(Beginning of WORKING DATA)

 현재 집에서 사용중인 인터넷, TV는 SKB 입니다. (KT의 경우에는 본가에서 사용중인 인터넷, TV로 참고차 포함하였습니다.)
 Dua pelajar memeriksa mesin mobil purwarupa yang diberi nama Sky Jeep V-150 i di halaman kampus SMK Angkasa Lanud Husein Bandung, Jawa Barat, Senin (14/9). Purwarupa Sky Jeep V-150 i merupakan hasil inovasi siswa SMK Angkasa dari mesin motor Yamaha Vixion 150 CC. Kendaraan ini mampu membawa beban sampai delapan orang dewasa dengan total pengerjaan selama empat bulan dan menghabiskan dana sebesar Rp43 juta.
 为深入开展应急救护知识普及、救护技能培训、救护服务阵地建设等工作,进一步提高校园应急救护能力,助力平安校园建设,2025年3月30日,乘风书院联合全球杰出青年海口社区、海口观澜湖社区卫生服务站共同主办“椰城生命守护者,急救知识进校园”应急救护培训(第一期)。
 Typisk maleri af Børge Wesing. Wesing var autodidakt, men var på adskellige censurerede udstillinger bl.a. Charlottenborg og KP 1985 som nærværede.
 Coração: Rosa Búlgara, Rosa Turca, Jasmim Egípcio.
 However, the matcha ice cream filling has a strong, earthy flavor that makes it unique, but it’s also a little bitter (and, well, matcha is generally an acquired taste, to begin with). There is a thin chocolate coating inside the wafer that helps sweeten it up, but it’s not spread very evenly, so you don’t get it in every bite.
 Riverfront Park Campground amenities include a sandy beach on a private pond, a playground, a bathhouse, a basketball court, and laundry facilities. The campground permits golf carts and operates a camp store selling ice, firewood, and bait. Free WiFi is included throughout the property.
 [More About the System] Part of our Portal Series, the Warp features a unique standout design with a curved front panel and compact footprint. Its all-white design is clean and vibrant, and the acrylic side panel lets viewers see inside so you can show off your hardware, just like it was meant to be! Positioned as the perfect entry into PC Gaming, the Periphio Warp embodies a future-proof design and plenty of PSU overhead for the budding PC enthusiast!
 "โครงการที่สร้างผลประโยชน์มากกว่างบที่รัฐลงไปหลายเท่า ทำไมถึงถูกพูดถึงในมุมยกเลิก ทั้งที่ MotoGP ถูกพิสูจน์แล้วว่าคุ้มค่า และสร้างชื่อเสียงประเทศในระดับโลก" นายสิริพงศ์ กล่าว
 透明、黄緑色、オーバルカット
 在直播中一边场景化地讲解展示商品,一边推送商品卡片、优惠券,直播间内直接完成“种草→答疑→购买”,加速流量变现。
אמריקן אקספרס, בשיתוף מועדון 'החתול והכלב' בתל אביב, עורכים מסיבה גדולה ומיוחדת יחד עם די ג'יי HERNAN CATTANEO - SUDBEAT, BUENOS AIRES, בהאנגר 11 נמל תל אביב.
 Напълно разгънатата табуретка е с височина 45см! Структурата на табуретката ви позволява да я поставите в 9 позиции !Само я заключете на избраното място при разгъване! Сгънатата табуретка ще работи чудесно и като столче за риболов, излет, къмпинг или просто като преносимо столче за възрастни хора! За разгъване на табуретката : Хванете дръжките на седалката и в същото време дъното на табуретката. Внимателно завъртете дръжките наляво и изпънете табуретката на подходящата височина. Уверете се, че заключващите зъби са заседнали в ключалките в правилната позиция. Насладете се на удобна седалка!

(End of WORKING DATA)

▶ **WHAT YOU HAVE TO DO**
Beginning at the line with "However, the matcha" and ending at the line with "Riverfront Park Campground", reproduce each line of the data above exactly, and add no other lines.

▶ **ANSWER TO THE PROBLEM**
 However, the matcha ice cream filling has a strong, earthy flavor that makes it unique, but it’s also a little bitter (and, well, matcha is generally an acquired taste, to begin with). There is a thin chocolate coating inside the wafer that helps sweeten it up, but it’s not spread very evenly, so you don’t get it in every bite.
 Riverfront Park Campground amenities include a sandy beach on a private pond, a playground, a bathhouse, a basketball court, and laundry facilities. The campground permits golf carts and operates a camp store selling ice, firewood, and bait. Free WiFi is included throughout the property.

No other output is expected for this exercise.